A University of Vermont Medical Center employee accidentally opened an emailed file from her homeowners association, which had been hacked, in October 2020.

That one mistake eventually led to the University of Vermont Health Network, which includes the state’s largest hospital in Burlington, having to cancel surgeries, put off mammogram appointments and delay some cancer patients’ treatments.

The ensuing ransomware attack had forced officials to shut down all internet connections, including access to patients’ electronic health records, to prevent cybercriminals from doing any more damage.

“Everything was down. So our phones were down. We no longer had fax machines. … You couldn’t use email to communicate,” Dr. Stephen Leffler, the system’s president and chief operating officer said of the attack in a recent podcastby the American Hospital Association. “That first evening, we actually sent people over to Best Buy to buy walkie-talkies.”
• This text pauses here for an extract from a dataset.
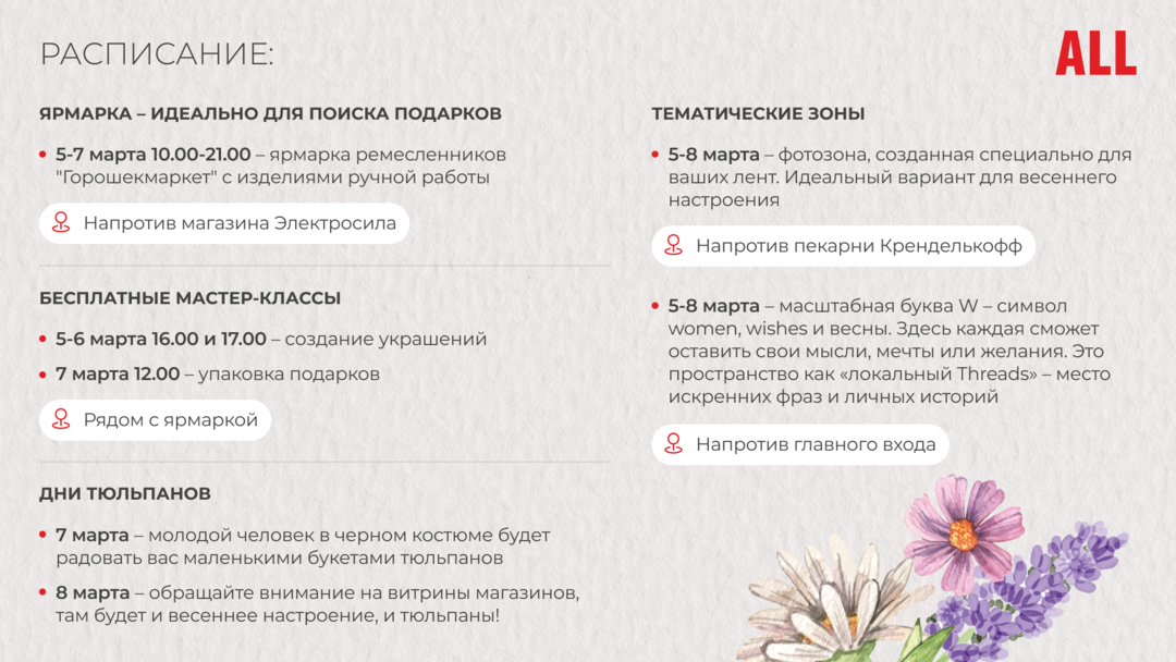 В ТЦ ALL встречают весну — четыре дня бесплатных мастер-классов, подарков и цветов

In the past few years, a growing number of hospitals and health care organizations across the U.S. have faced cyberattacks, interrupting care and putting patients at risk. That includes some public health facilities run by state or local governments.

“Hospitals have been hit pretty hard with high-impact ransomware attacks during the pandemic,” said John Riggi, national adviser for cybersecurity and risk at the American Hospital Association.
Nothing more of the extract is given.